§ PROVIDED DATA
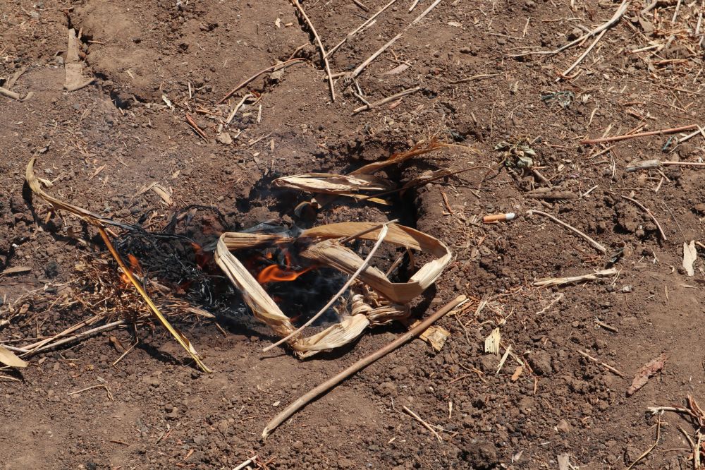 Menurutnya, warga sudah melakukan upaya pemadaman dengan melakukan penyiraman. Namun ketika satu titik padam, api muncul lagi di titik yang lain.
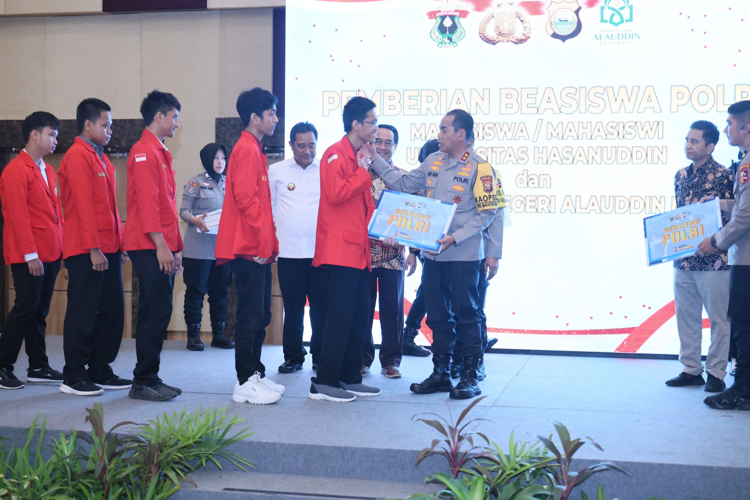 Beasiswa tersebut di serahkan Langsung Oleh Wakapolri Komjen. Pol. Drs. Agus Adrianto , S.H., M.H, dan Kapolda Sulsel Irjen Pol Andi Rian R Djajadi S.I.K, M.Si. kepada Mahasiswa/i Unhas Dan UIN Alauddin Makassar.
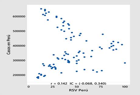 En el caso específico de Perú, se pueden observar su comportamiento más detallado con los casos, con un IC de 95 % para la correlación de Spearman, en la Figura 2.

§ EXERCISE BRIEF
Give back exactly the lines from the one that contains "Beasiswa tersebut di" to the final line of the data above, both included, with all pictures removed.

§ ANSWER TO THE EXERCISE
 Beasiswa tersebut di serahkan Langsung Oleh Wakapolri Komjen. Pol. Drs. Agus Adrianto , S.H., M.H, dan Kapolda Sulsel Irjen Pol Andi Rian R Djajadi S.I.K, M.Si. kepada Mahasiswa/i Unhas Dan UIN Alauddin Makassar.
 En el caso específico de Perú, se pueden observar su comportamiento más detallado con los casos, con un IC de 95 % para la correlación de Spearman, en la Figura 2.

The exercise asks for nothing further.